We are contributing to the evidence base by taking forward a number of projects that will establish [Think Tank B] as an important source of independent information and analysis on the use of competition and market mechanisms in health care.
Project highlights include:
- • The Health Care Markets programme - a strategic partnership with the Institute for Fiscal Studies to undertake empirical research on the use of market mechanisms in health care
- • a project to assess how payment mechanisms can best be developed in future
• playing a prominent role in helping to influence the development of regulatory policy by the Department of Health and Monitor.
This extract focuses specifically on 'Competition' and situates this as a priority area of work. The extract explicitly references the governments' reforms ('The Health and Social Care Bill', 'the development of regulatory policy') and gives voice to proposed mechanisms for change outlined by the government ('an extension of competition and market mechanisms', 'the use of competition and market mechanisms in health care', 'how payment mechanisms can best be developed'). Such talk entails courses of action, seeking to guide health policy and health service delivery in particular ways and not others. This is achieved by, in this instance, foregrounding particular values allied to a market-oriented approach to designing and delivering healthcare services (for instance, via 'The Health Care Markets Programme'). The language used references formal government proposals (see, for instance, DH 2010), and situates Think Tank B as a legitimate contributor to the development and delivery of such proposals ('as an important source of independent information and analysis', 'playing a prominent role', 'helping to influence').
Such talk was most visible in the formal publications of think tanks in our sample. In theory these were publicly accessible documents (available via think tank websites) aimed at a 'universal' audience (Perelman and Olbrechts-Tyteca, 1971). In practice they used technical language that limited their accessibility and suggested that they were targeted at an 'ideal' audience of healthcare planners and decision-makers.

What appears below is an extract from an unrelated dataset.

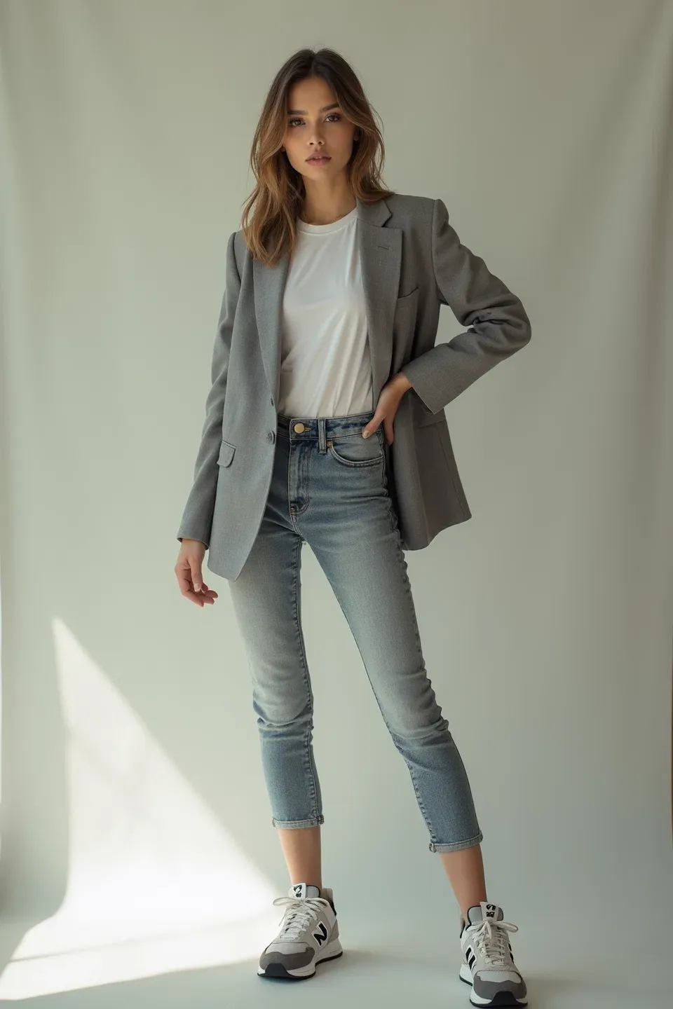 In the studio setting, we see how a gray blazer creates an effortlessly cool monochromatic moment. The outfit's strength lies in its simplicity: a well-cut gray blazer, white t-shirt, and light wash cropped jeans, anchored by white and gray New Balance sneakers. This look demonstrates how tonal dressing can make sneakers feel intentionally sophisticated rather than casually thrown on.

For instance, echoing the content of proposed NHS reforms, they emphasised: 'reduced costs through integration and competition', 'improving productivity in the areas set out in the Operating Framework', and how 'Monitor and the supporting regulations for NHS procurement need to promote both competition and collaboration'. This highlights the interplay between documents and actors, with powerful individuals potentially able to provide legitimacy to policy and either establishing or reinforcing discourse coalitions (where actors come together around narratives that represent shared interests [Hajer, 2006]).
Think tanks in our sample did not overtly support government proposals: notable challenges included the likely negative impact of price competition on the quality of health services. Direct challenges were the exception rather than the rule. All appeared to use policy talk in an effort to address and engage decision-makers by emphasising shared beliefs (e.g. 'moves to increasing competition are right'); using similar terms and phrases (e.g. 'the Nicolson Challenge', a mandate from the NHS Chief Executive to find 'efficiency savings' of
?20 billion); presenting briefing papers and publications in the same genre as government documents; and citing many of the same sources (e.g. publications from other think tanks). This rhetorical work is key in providing legitimacy to publications (through authorship and referencing of policy talk) and in directing readers to particular policy narratives.